Detto
Hold a key, speak, release, text appears.
Meetings. Voice memos. System-wide dictation. Nothing leaves your Mac.
Detto is a macOS app for Apple Silicon. It captures meetings, takes voice memos, and gives you system-wide dictation, all running locally. ASR on the Neural Engine, text refinement on the GPU. After the initial model download, nothing leaves your Mac. Transcripts land as plain markdown with YAML frontmatter, ready for Obsidian, agents, backlinks, and whatever you build next.
Why
I'm a consultant. I built an Obsidian vault as a second brain: structured notes with YAML frontmatter, backlinks, tags, and an AI agent layer that processes everything automatically. Client files, meeting notes, action items, daily briefs, all flowing through the vault.
The problem was capture. I'm on calls all day and I don't take notes. I needed something that would listen, transcribe, and drop structured markdown into the vault where my agents could pick it up.
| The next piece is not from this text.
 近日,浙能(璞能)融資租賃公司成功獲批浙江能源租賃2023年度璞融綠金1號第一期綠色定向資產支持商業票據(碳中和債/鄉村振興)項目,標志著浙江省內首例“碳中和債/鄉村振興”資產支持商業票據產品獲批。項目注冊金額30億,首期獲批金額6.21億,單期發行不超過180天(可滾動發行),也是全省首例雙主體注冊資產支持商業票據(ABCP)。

Pull out action items, update client files, connect the dots.
I looked at Otter, Granola, Fireflies. They all lock your data in their cloud, their format, their walled garden. None of them output plain markdown. None of them feed into an agent workflow. None of them work offline.
Detto exists because none of them did what I needed. Your voice, your Mac, your files.
Philosophy
Privacy is architecture, not a toggle. There is no server. There is no account. There is no analytics SDK buried in the dependency tree. After the initial model download, the only network activity is optional Sparkle update checks against a static XML file on GitHub Pages. Everything else runs on your hardware.
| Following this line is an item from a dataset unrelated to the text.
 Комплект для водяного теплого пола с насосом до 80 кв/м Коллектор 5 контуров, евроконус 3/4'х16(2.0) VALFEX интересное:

Vault-native output. Every transcript is a plain .md file with YAML frontmatter. You own the files. Open them in Obsidian, VS Code, a text editor, or feed them to an agent pipeline. No proprietary format, no export step, no lock-in.
On-device intelligence. ASR runs on the Apple Neural Engine via Parakeet-TDT v3. Text refinement runs on the GPU via Llama 3.2 3B through MLX. Dictation uses a two-phase design: emit a transcript immediately, then refine in the background. That's what makes it feel instant while still producing clean output. Small local models won't match a frontier cloud model on polish. That's the trade for owning your voice.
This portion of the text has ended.